As Children we have (or think we do) the freedom to express ourselves, to “dance in the sunlight”. AS we grow older, we still dance but with some restraint. Now we are given a set of parameters to dance within. We are taught the steps to the dance. A good thing to know so that we understand how society works.  But do we lose or take away too much freedom? Do we create boundaries and build walls because of fear? Do we do it to fit into society or is it out of fear? Fear of not fitting in, of not belonging, of being laughed at, of what others might say or think? It wasn’t so important when we were little, everyone just accepted everyone, so why now? Why and when did I become part of the “herd”? I don’t mean that in a derogatory way either. There is a certain amount of “herd” or community/family if you prefer that is necessary to live in society.

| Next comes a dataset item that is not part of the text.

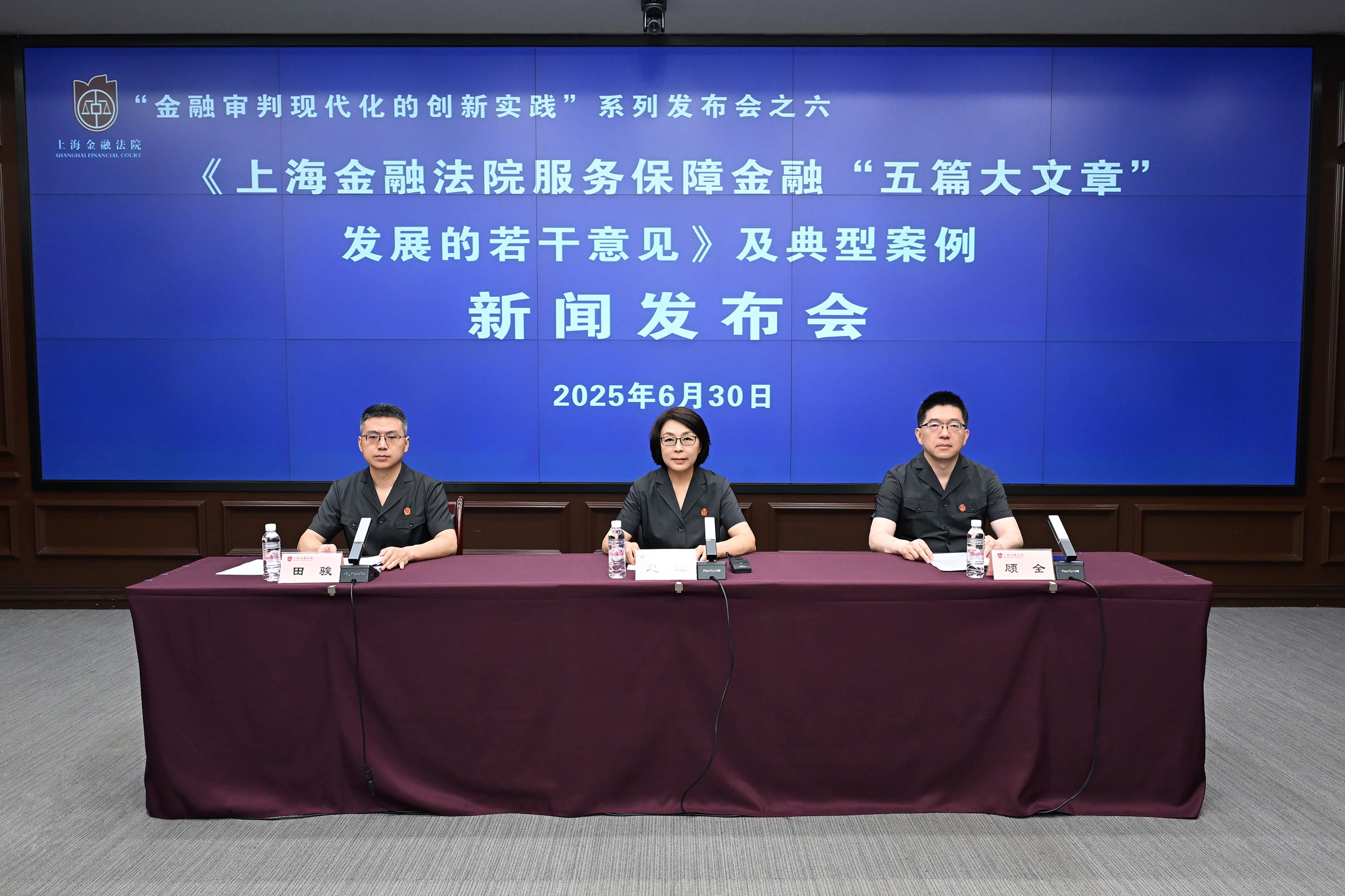 6月30日,上海金融法院举行新闻发布会,发布《上海金融法院服务保障金融“五篇大文章”发展的若干意见》(以下简称“《若干意见》”)及服务保障金融“五篇大文章”典型案例(以下简称“典型案例”)。

But when did it start to rule our lives and choices?

I think it is a preservation technique that we learn in or about junior high. Peer pressure can be a powerful thing at times a wielded judiciously can be a good thing. But let’s face it in Junior high there was and is not a lot of thinking going on, it’s very hormonal. Some us still manage to walk to the beat of a different drum but not with out consequences. Some will continue out of defiance and some will simply be strong enough and the rest of us will come to heel out of fear.

The problem is the sunlight is always beckoning and it is hard to stay on the shadows. Eventually we will come back to “dance in the sunlight” if only for a few moments at a time. As I grow older I am starting to realize that many of the constraints set were my own. They were what I thought I was supposed to do, how I thought I was supposed to act. How I thought I was supposed to be so I could “fit in”. But I have always belonged (though it has taken awhile to realize that), Perhaps not where I thought I was Supposed to, but in my own way and in my own place. And by coming back to “dance in the sunlight” again, perhaps others will find me and join in the dance.

So Welcome back to the sunlight my friend(s)! If you need to stay in the shadows a little longer it is OK. And if you need to stay at the edge of that shadows that is ok too! I am here and waiting when you are ready to come and dance in light and love.